# Dovetail jig or Incra system for table use?



## AlanZ (Aug 21, 2008)

I'm enjoying my router setup (triton in a CMT table).

I recently received a set of Oak-Park box joint spacer fences and dovetail liner kit (doesn't do end dovetails joins), but I haven't tried them yet. So far, I'm in for about $80 for this gear.

I'm looking towards the near future when I'll want to do some dovetail joinery for boxes, drawers, etc.

My question is regarding folks' experience with the upscale dovetail jigs (KatieJig, Leigh, Akeda, etc.) compared to an Incra LS system.

All of these have slightly different approaches (and limitations and idiosyncracies) for making dovetails, all allow variable spacing.

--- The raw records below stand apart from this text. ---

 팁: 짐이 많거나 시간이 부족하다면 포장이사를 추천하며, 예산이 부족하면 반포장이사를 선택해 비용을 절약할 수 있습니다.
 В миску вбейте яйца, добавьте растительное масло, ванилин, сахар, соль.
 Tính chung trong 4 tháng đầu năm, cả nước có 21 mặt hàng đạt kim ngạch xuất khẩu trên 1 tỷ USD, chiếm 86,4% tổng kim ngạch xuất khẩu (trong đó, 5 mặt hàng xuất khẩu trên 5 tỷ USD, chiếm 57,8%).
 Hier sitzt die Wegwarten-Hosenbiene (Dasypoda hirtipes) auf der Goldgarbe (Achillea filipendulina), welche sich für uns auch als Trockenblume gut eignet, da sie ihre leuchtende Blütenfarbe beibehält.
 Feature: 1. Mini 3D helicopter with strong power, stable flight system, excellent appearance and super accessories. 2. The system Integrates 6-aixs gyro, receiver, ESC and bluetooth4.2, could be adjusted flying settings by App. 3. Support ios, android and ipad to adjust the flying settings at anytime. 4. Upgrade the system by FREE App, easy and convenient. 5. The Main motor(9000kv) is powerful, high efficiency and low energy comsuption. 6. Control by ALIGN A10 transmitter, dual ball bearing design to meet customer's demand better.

The Incra doesn't seem to be limited to making these joints and appears to be a more versatile device (I'd be able to retire the Oak-Park pieces mentioned earlier).

By the time one gets a jig and accessory plates, bits, etc., the price differential isn't that great for an Incra, and if possible I'd like to leverage to use the router table rather than handholding the router (a strong feature of the KatieJig)

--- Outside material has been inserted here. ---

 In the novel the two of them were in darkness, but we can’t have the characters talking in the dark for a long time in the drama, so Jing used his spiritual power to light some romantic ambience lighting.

So, what are your thoughts about the Incra LS vs the dedicated dovetail jigs.

Thanks in advance.


----------



## Timeman (Oct 3, 2008)

Hi there

I'm new here as well and I am just about to buy an Incra LS..

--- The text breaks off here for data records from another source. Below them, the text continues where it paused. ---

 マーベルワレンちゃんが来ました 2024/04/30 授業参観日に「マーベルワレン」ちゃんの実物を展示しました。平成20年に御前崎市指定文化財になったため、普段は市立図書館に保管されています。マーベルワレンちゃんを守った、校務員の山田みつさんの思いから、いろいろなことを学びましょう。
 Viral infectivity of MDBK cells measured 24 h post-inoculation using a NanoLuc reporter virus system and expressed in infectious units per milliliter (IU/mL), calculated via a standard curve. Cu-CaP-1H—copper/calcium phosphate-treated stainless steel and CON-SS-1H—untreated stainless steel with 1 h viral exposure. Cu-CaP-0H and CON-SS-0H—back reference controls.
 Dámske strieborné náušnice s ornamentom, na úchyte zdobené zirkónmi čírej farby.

The main thing I have looked at is what you are saying about what you can and can not do with jigs.. And after looking reading and talking to others I can not see another thing on the market that beats this system..

Just goto youtube type in Incra LS and watch the video its just unreal.. its more than a box jointer 

Cheers from Noel


----------



## AlanZ (Aug 21, 2008)

Yup, I've watched all the videos <s>

It also seems that JoinTech.com has a direct competitor to Incra.
http://www.jointech.com/woodworking1.htm


----------



## RustyW (Dec 28, 2005)

Alan, keep an eye on Amazon.com. Their price on anything Incra varies greatly on a daily basis. I picked up a 16" Incra Ultra for $150 about 9 months ago. Anything you read about Incra makes it sound like you just slide in the template and start routing. But there is quite a learning curve. The first thing you will notice is bit size. The Incra is accurate to 1/1000", but your bit may be off by 5/1000", and the joint will not fit correctly. I recommend Whiteside bits. You can call them @ 1-800-225-3982. They can tell you which bits are made for the Incra, or they sell a set for all Incra joints.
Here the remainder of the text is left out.